The most exciting things to learn are the ones that you already knew, but didn't know that you knew. An example for me was when I learned about design patterns in the context of java programming. In an instant, I had both a framework for thinking about solutions I had figured out on my own, and a mechanism for discovery of solutions ready to be reused. You've surely encountered design patterns in one form or another, though perhaps you haven't thought of them as such. For example, the inverted pyramid and the Five Paragraph Essay are design patterns for writing. In software development there are many more design patterns than there are in writing, which is why the concept is so useful.

A post by Owen Stephens about managing link persistence using OpenURL got me thinking about design patterns used for the composition of web services. Most developers of web services tend to think in terms of container-oriented solutions to composed services, or to use another term, mash-ups. The container can be either server side or client-side and may be composing data, software services, or neither. In a post more than two years old, Alex Barnett enumerated 5 different design patterns for mash-ups. Missing from that list is what we might call the redirection chain pattern, of which Owen Stephens' proposed service for the Telstar Project would be an example.

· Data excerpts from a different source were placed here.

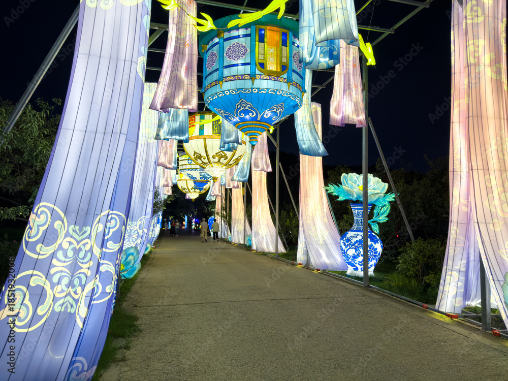 Captivating Nighttime Lantern Festival Illuminates Pathway with Vibrant Colors
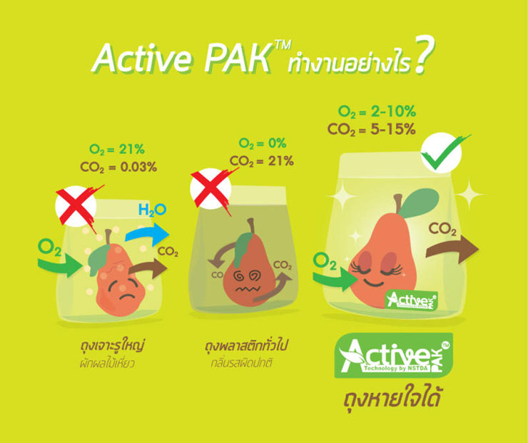 วิชชุดา เดาด์ นักวิจัยและผู้จัดการกลุ่มผลิตภัณฑ์ ActivePAKTM เอ็มเทค สวทช. อธิบายว่า ผักและผลไม้ที่เก็บเกี่ยวจากต้นมาแล้วนั้นยังมีการหายใจอยู่ หรือยังมีชีวิตอยู่เหมือนกับที่ยังติดอยู่กับต้น ซึ่งการหายใจของผักและผลไม้ก็เหมือนกับการหายใจของคนเรา คือหายใจเอาก๊าซออกซิเจนเข้าไปและปล่อยก๊าซคาร์บอนไดออกไซด์และคายน้ำออกมา ทำให้เกิดการเสื่อมสภาพและเน่าเสีย
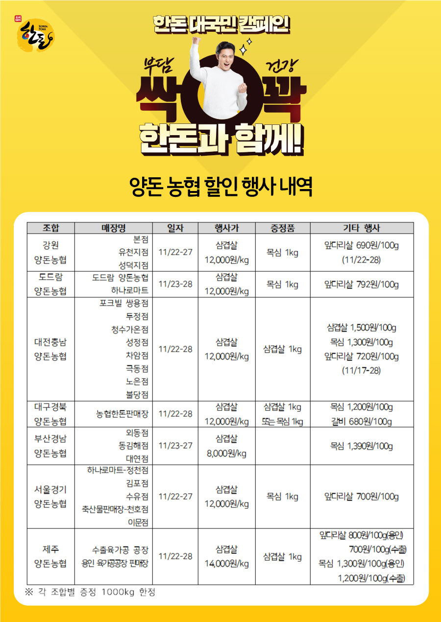 한돈자조금은 22일(목)부터 12월 2일(일)까지 기간 중 전국 7개 양돈조합 및 한돈 BI(Brand Identity)계약 1차 육가공업체 직영판매장에서 할인 및 증정행사를 진행한다. 사진은 양돈농협 할인행사내역. |

In a redirection chain, a user traverses a link to one or more servers that redirect the user to a different address. At each step in the chain, services can be performed or functions added. In Owen's post, the service being contemplated is link maintenance. In most cases, the user will be redirected to a target url embedded in the link. If for some reason the URL no longer works, a new url can be provided to the user. For example, suppose a website goes out of business and the expired domain name is taken by a pornography site. The redirector provides a single point of maintenance for the link. Website publishers routinely use this type of redirector to enable them to move content around without breaking links. In the world of scholarly publishing, Crossref has provided an invaluable service of this type that enables doi-based e-journal links to continue to work in the face of publisher mergers, acquisitions, migrations and bankruptcy. PURL.org provides a similar service aimed at archives in libraries. The use of NISO OpenURL link would provide a standardized way to add metadata to the link, and would allow easy way to mash-up, using the redirector design pattern, the URL maintenance redirector with a link-to-full text redirector service used by the library.

In the years that I've worked on linking technology, I've come across a considerable diversity of redirector based services, but I don't think I've ever seen a list of things they are used for. So here goes:
  1. Session initiation. If a website needs to maintain state, visitors may need to first acquire a session. This is very often done by greeting a new visitor with a redirect that carries a cookie, or if that doesn't work, a session token in the link.
  2. Referrer tracking. Many web services need to keep track of the source of visitors, for example, in the context of an affiliate marketing program such as Amazon Associates. (Take a look at the link to Amazon Associates if you want an example of an affiliate link)
  3. Customized resolution.
    • In the world of libraries, this is referred to as solving the "appropriate copy problem", and almost all research libraries today make use of specialized redirectors that handle links conforming to the OpenURL standard mentioned abouve. Libraries subscribe to many electronic resources, and library patrons that want a particular article need to be directed to the one resource among many that the library has subscribed to.
    • an internet business may want to deliver different resources depending on where in the world the user is. A good example of this is the GeoDirection service provided by GeoBytes. A business with a global presence might need to do this to comply with local laws.
    • Language customization. Websites are often maintained in multiple languages. A language redirector might inspect accept-languange headers and redirect the user to a language appropriate service.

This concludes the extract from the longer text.